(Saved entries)
= Beginning of Section =

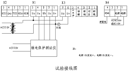 给装置信号输入端“Uo、Un”输入工频30V — 120V之间电压(时间大于3秒钟),A、B、C三相任两相输入100V电压,正序相位差60度,另一相输入零,此时伴随灯泡闪烁一次,“接地”指示灯亮、报警,显示故障信息。当“Uo、Un” 端输入信号小于30V时,本装置不动作。
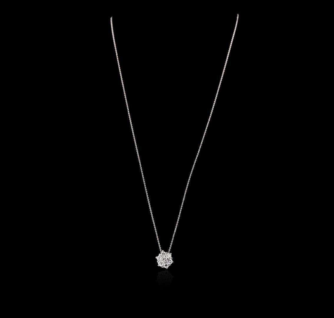 One pendant with chain featuring: 14KT white gold weighing 2.60 grams containing round diamonds weighing a total of 1.04ct.
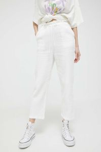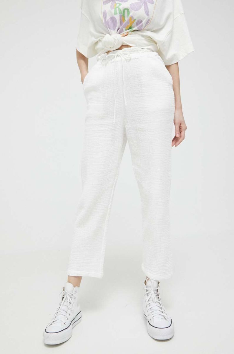 Бавовняні штани Billabong колір білий пряме висока посадка
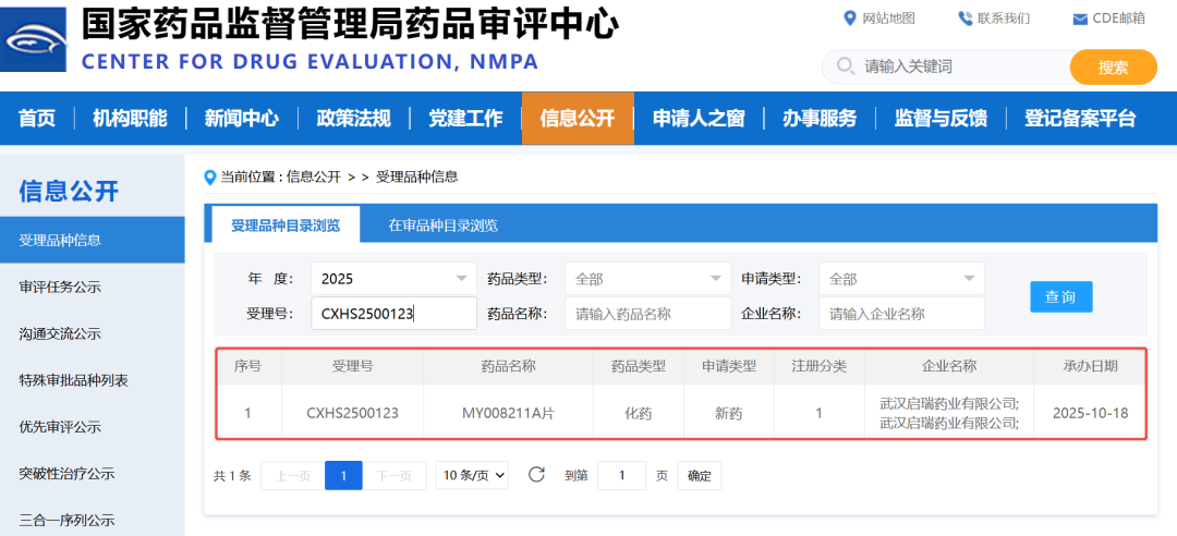 2025年10月15日,武汉朗来科技发展有限公司(以下简称“朗来科技”)自主研发的化学药品1类创新药MY008211A片,结束拟优先审评品种公示期,被国家药品监督管理局药品审评中心(CDE)正式纳入优先审评品种名单,用于治疗既往未接受过补体抑制剂治疗的阵发性睡眠性血红蛋白尿症(PNH)成人患者。同时,此品种的新药上市许可申请(NDA)已于2025年10月17日被CDE成功受理,进入注册审评阶段。
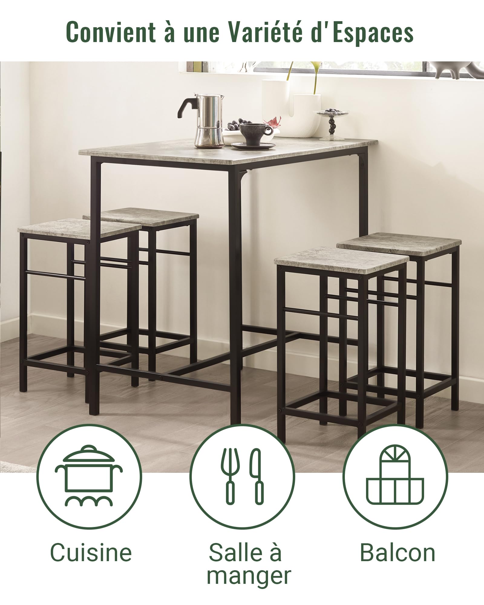 - Ensemble table de bar + 4 tabourets avec repose-pieds. Idéal pour le balcon, le bistrot, dans la salle à manger ou la cuisine.

= End of Section =

TASK DETAILS. Repeat the data in full, exactly as it stands, but drop every picture.

RESPONSE AREA.
 给装置信号输入端“Uo、Un”输入工频30V — 120V之间电压(时间大于3秒钟),A、B、C三相任两相输入100V电压,正序相位差60度,另一相输入零,此时伴随灯泡闪烁一次,“接地”指示灯亮、报警,显示故障信息。当“Uo、Un” 端输入信号小于30V时,本装置不动作。
 One pendant with chain featuring: 14KT white gold weighing 2.60 grams containing round diamonds weighing a total of 1.04ct.
 Бавовняні штани Billabong колір білий пряме висока посадка
 2025年10月15日,武汉朗来科技发展有限公司(以下简称“朗来科技”)自主研发的化学药品1类创新药MY008211A片,结束拟优先审评品种公示期,被国家药品监督管理局药品审评中心(CDE)正式纳入优先审评品种名单,用于治疗既往未接受过补体抑制剂治疗的阵发性睡眠性血红蛋白尿症(PNH)成人患者。同时,此品种的新药上市许可申请(NDA)已于2025年10月17日被CDE成功受理,进入注册审评阶段。
 - Ensemble table de bar + 4 tabourets avec repose-pieds. Idéal pour le balcon, le bistrot, dans la salle à manger ou la cuisine.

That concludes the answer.